Of Loss & Betrayal (Madison & Logan Book 2) (15 page)

Moans escaped me and I bucked my hips, urging his fingers on. I could hear how slick his fingers were with my arousal and it just turned me on even more. His thumb on my engorged clit was almost too much to bear, the sensation so overwhelming that it was almost painful.

“Are you still planning on leaving?” Logan asked in a low tone as his fingers continued their assault. My head was moving from side to side as pressure mounted in my core.

“No,” I sobbed. “Please. Don’t stop.”

“I’m the one who gives the orders, not you,” he growled. I wanted to cry in protest when I felt his fingers slip out of me, but before I knew what was happening, Logan turned me around and pushed my back against the wall. “I want to see your face while I fuck you.”

Before I could respond, he slid off my jeans and panties in one smooth motion. I heard him undoing the buckle of his belt, and before my mind could process what was happening, he lifted me up and wrapped my legs around his waist, plunging up deep inside me in one brutal thrust. I keened loudly in pleasure and gripped his shoulders, holding on for dear life as he thrust into me again and again. There was no tenderness in the way he was fucking me, and I welcomed the harsh treatment that blotted everything else from my mind. I reveled in my back slamming against the wall with each hard stroke.

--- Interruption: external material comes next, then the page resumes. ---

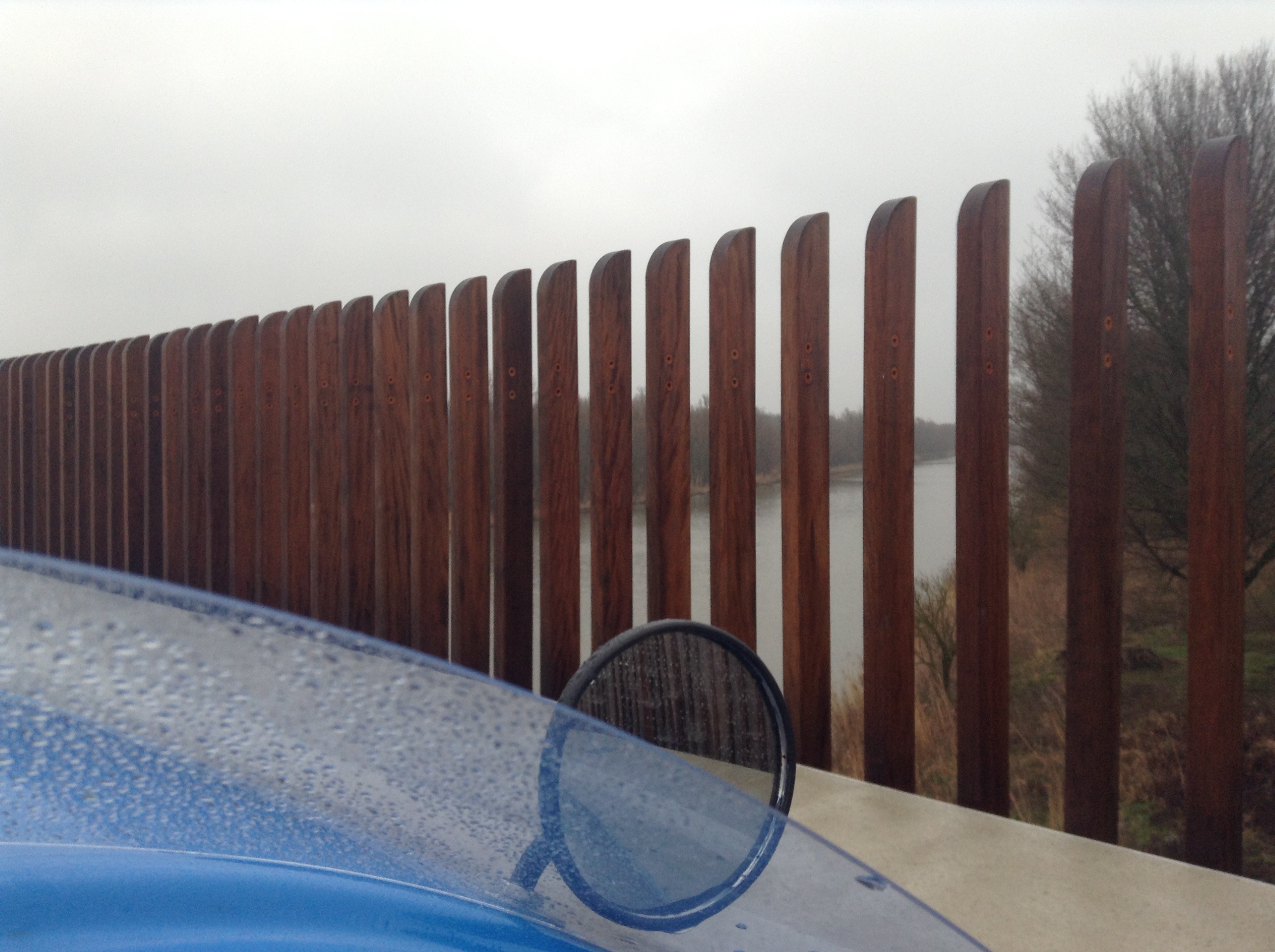 Nieuwe fietsbrug over de A6 en Hoge Vaart waar de RVS-reling van gestolen is (zie de schroefgaten in het hout) – (klik eventueel op de foto voor een vergroting)

I was mindless with pleasure when the unwelcome sound of Logan’s cell phone ringing interrupted our grunts and moans. I wanted to ignore it, but it was in my line of sight because it was sitting on the side table right next to us, so close that I could easily grab it. I wanted to scream when I saw Kristina’s number flashing across the screen.

“Ignore it,” Logan said through gritted teeth. “It’s only us here now.”

An insidious thought grew despite his words. Kristina needed to know that she had no chance with Logan. She needed to know that he was mine. Without thinking it through, I reached down and hit the button on the cell phone to connect the call. Logan’s entire focus was on fucking me and he didn’t notice what I did.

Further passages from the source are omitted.